Review by: Mike Laidlaw
Published: August 5, 2002
If you truly wish to hide something from someone who might want very badly to find it, one of the best ways is to destroy it utterly. This isn’t always the best solution, though, as that item may prove useful or perhaps extremely resilient, and in those cases, it’s always best to hide it in many places at once, so that only those who’ve found every fragment can make use of the discovered item. The Mark of Kri chronicles just such a situation, but instead of finding scattered treasures as its medieval Japanese setting might suggest, your goal will be to keep these items separate. For, you see, The Mark of Kri is one sixth of an incredibly powerful spell that would create a permanent bridge between our world and the dark lands of the demons, and you need to keep it from falling into the wrong hands. Feel up the challenge? Then step into the boots of Rau, barbarian warrior, and let’s begin our journey.

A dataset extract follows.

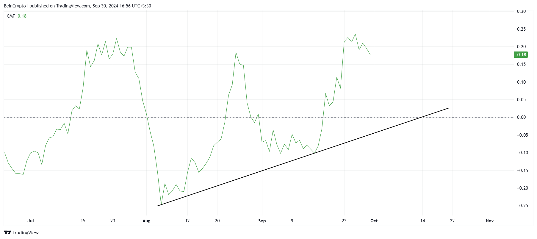 Le Momentum macro reste également fort. En effet, puisqu’il est soutenu par des indicateurs techniques clés. L’un de ces indicateurs est le Flux de Capitaux Chaikin (CMF), qui mesure les flux entrants et sortants de capital dans l’actif. Depuis le début août, le CMF est sur une tendance ascendante, suggérant une pression d’achat croissante.

Rau was one of those kids who probably reacted quietly to being called “hefty,” and proceeded to make a grim resolve that no one would ever refer to him that way again. His reaction was traditional, and Rau has become an impressively large lad, complete with huge shoulders, stature higher than any other character in the game, and a sword nearly as large as he is strapped to his back. Having trained under his master’s tutelage for years now, Rau’s heart longs for adventure and The Mark of Kri will hand him just that opportunity.
Your quest begins when a group of bandits set up camp in the forest near your home town. The innkeeper complains of decreasing profits, as travelers either arrive penniless or simply don’t arrive at all. As might be expected, Rau sets out immediately to rectify this situation, however, players new to the game may wish to practice a touch in the tutorial first.
Whichever mode starts your career, it will soon become clear that The Mark of Kri is an action hybrid in the same manner as Metal Gear Solid 2: Sons of Liberty. Right there, some eyebrows have probably raised, but rest assured that this isn’t a clone of Konami’s seminal release. You’ll spend a much larger period of time fighting than when filling Raiden or Snake’s boots, and there are moments where straight out bloodshed is the only path to take. Barbarians are known for that sort of thing after all.
There are heavy stealth elements and one of the key mechanics at work here centers around Rau’s link with Kuzu, his raven spirit guide. Scattered throughout the environments you’ll explore, Rau can spot certain locations that are ideal perches for Kuzo, and you can send the bird to these high vantage points. The advantage to this lies with their spiritual link, which allows Rau, and thus the player, to see through Kuzo’s eyes. Anyone familiar with the concept of a third-person sneaker, as opposed to a shooter, will appreciate the advantages this presents, especially when you can move Kuzo’s field of view in the same way as Rau’s.